OpenTox Virtual Conference 2021 Session 11
Using a combination of quantitative and censored data for QSAR modeling of hERG inhibitory constants
Kiril Lanevskij1*, Remigijus Didziapetris1, Andrius Sazonovas1, Karim Kassam2
- VšĮ “Aukštieji algoritmai”, A. Mickevičiaus 29, LT-08117 Vilnius, Lithuania
- ACD/Labs, Inc., 8 King Street East, Suite 107, Toronto, Ontario, M5C 1B5, Canada
Recently , we have published a large (> 6600 entries) compilation of literature data on patch-clamp and radioligand displacement measurements of hERG inhibitory potential of drug-like compounds and used these data to build a probabilistic classification model based on a minimal set of readily interpretable physicochemical descriptors (LogP, pKa, molecular size, and topology). However, this and the majority of other hERG inhibition models published so far have an inherent limitation in their qualitative nature – they can only classify compounds as inhibitors/non-inhibitors but cannot provide any insight on the quantitative inhibition characteristics. The choice of the binary endpoint is mostly related to the lack of quantitative data directly suitable for modeling, since many experimental studies only perform precise determination of IC50 or Ki values for a limited range of activities near the practical classification threshold (around 10 µM), and report other results in a semi-quantitative manner as left- or right-censored data points (i.e., open-ended intervals, such as IC50 > 30 µM).

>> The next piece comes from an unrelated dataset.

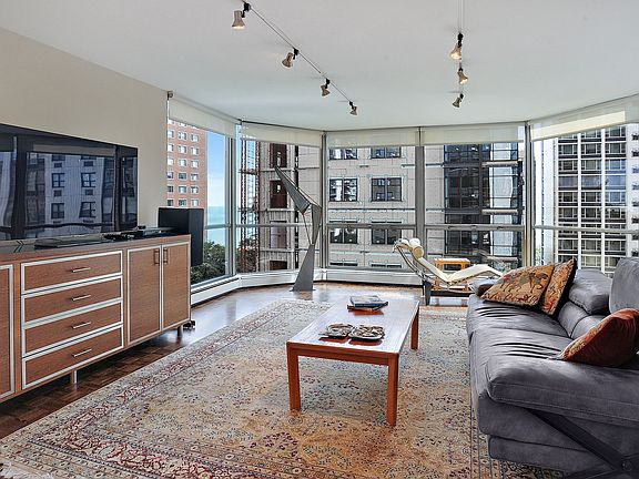 Fabulous 1550 sq. ft Gold Coast condo with views of city landscapes, water, and iconic skyscrapers. A large open living area features stunning night views of the city. The 3rd bedroom was opened up as an office space but could easily be converted back. Kitchen features include rich sawn-wood cabinets, Bosch w/d, sharp granite floors, counter-tops and back-splash. It opens to the living room and affords views and light from the floor to ceiling windows plus a breakfast bar. Rich marble baths, one featuring a walk-in shower and the other, a soaking tub. The 2nd bedroom has great closet space and easily accommodates a queen bed. The master is very spacious with a walk-in closet and en-suite bath. Here you can gaze out the window at the lake and relax. This was just painted and is ready to go! Amenities: gorgeous outdoor pool w/deck, fitness room, receiving room & 24-hr doorman. This is a walker's paradise in a service-oriented building.

Here we present preliminary results of a follow-up work aiming to deal with this issue and use both fully quantitative and censored data for modeling. The new models have been developed using the same Gradient Boosting Machine (GBM) statistical method as before, but with the target endpoint set to pIC50, and a custom optimization function adapted for censored regression objective. When the resulting pIC50 predictions are converted to binary classification at 10 µM threshold, they allow classifying the external validation set compounds with >75% overall accuracy, consistently outperforming the analogous logistic models by a few percentage points and achieving a better balance between sensitivity and specificity metrics. Most importantly, the output of the new models is not just a probability of significant inhibition, but a quantitative estimate of the actual IC50 value, allowing the user not only to discern potential hERG inhibitors from non-inhibitors but also to rank the compounds by their inhibitory potential.
 Didziapetris R & Lanevskij K. J Comput Aided Mol Des. 2016 Dec;30(12):1175-1188.